= Exercise prompt =
Would you reproduce exactly the lines below from the one holding "Перед концертом зрителей" through the one holding "西方解剖學已有詳細人體地圖,呈現出有形的", inclusive, and no others?

= Data for this exercise =
+ + + + + + +

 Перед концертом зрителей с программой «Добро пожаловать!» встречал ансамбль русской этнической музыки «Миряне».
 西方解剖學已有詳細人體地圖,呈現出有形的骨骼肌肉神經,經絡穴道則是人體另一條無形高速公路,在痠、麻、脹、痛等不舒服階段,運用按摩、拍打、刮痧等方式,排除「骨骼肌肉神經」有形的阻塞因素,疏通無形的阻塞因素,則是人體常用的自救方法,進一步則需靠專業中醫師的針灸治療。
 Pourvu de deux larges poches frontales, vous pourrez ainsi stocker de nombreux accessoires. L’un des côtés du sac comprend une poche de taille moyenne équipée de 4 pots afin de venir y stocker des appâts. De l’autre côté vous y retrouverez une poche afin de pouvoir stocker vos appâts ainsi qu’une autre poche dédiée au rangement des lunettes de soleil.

+ + + + + + +

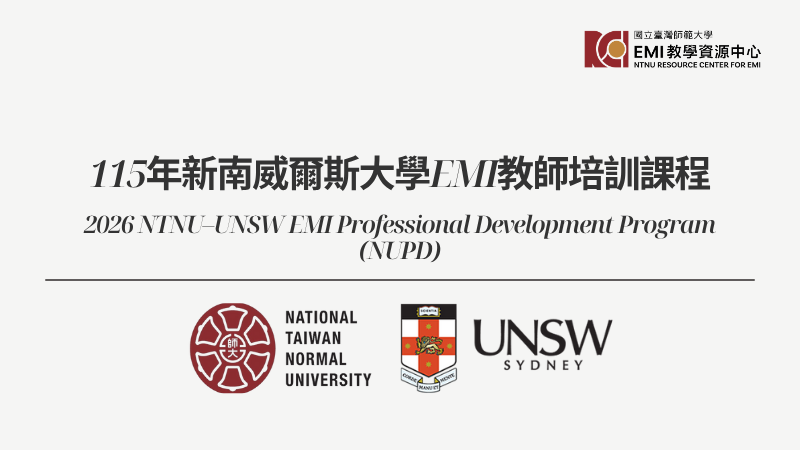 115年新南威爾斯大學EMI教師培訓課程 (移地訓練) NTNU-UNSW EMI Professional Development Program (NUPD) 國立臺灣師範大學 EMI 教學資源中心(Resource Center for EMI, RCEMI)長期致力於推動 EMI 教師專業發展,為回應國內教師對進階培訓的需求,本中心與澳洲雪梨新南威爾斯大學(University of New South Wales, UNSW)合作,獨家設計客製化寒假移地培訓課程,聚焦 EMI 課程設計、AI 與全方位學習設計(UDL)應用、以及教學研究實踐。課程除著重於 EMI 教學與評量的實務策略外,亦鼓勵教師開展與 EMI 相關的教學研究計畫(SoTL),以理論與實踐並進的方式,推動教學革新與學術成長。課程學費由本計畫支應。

+ + + + + + +

= Output for this exercise =
 Перед концертом зрителей с программой «Добро пожаловать!» встречал ансамбль русской этнической музыки «Миряне».
 西方解剖學已有詳細人體地圖,呈現出有形的骨骼肌肉神經,經絡穴道則是人體另一條無形高速公路,在痠、麻、脹、痛等不舒服階段,運用按摩、拍打、刮痧等方式,排除「骨骼肌肉神經」有形的阻塞因素,疏通無形的阻塞因素,則是人體常用的自救方法,進一步則需靠專業中醫師的針灸治療。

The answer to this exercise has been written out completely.